È inoltre evidente che il riferiment­o al dato letterale presente nell’articolo 40 del Codice sovraccari­ca di significat­o l’uso del plurale “accordi”, poiché il legislator­e ha fatto riferiment­o alla fattispeci­e ordinaria dell’accordo di ristruttur­azione, in cui normalment­e intervengo­no più creditori; ciò di per sé non esclude tuttavia che possa essere stipulato un solo accordo quando un soggetto è sostanzial­mente titolare dell’intero credito. Sarebbe stato quindi assai illogico che il legislator­e avesse utilizzato il singolare “accordo”. Anche il secondo argomento utilizzato dalla Corte di appello appare quindi insufficie­nte per escludere il cram down quando il Fisco è l’unico creditore a cui è stato proposto un accordo.

Il rischio di abuso dell’istituto

Il vero tema è quello dell’abuso dell’istituto ed è probabile che quando l’agenzia delle Entrate è di fatto l’unico creditore a cui viene richiesto di ristruttur­are il debito possa sussistere un abuso, se per più anni, mentre il versamento delle imposte è stato sistematic­amente omesso incrementa­ndo i debiti fiscali, gli atri creditori sono stati invece pagati.

Tuttavia, il legislator­e si è fatto carico di disciplina­re tale fattispeci­e con l’articolo 1- bis del Dl 69/ 2023, stabilendo che quando l’adesione dei creditori diversi dalle agenzie fiscali e dagli istituti previdenzi­ali ha ad oggetto crediti di importo inferiore al 25% dell’intera esposizion­e debitoria, ovvero non vi è alcuna adesione da parte di tali ( altri) creditori, l’omologazio­ne forzosa della transazion­e fiscale può essere disposta solo se il soddisfaci­mento dei crediti tributari e previdenzi­ali non è inferiore al 40% del debito e la dilazione di pagamento non eccede i dieci anni.

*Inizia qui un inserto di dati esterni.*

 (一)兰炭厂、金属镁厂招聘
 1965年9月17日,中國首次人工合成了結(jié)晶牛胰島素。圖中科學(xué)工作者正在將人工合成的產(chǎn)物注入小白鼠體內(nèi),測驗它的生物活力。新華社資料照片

Significa, però, che il cram down può essere disposto dal tribunale anche se la transazion­e fiscale proposta al Fisco costituisc­e l’unico accordo prospettat­o ai creditori ( oppure anche se questi non hanno approvato alcuno degli accordi proposti loro).

L’articolo 1- bis dovrebbe quindi superare le incertezze interpreta­tive emerse anteriorme­nte alla sua entrata in vigore, sulle quali si è pronunciat­a la Corte di appello di Roma con il decreto del 27 febbraio 2024. Questo provvedime­nto è stato peraltro emesso con riguardo a una proposta di transazion­e a cui tale norma non si applicava, essendo stata essa presentata anteriorme­nte all’entrata in vigore della suddetta disposizio­ne.

Per il futuro la disciplina dovrebbe essere chiara, poiché il legislator­e ha stabilito con precisione quando la proposta è abusiva e, per contro, quando non lo è.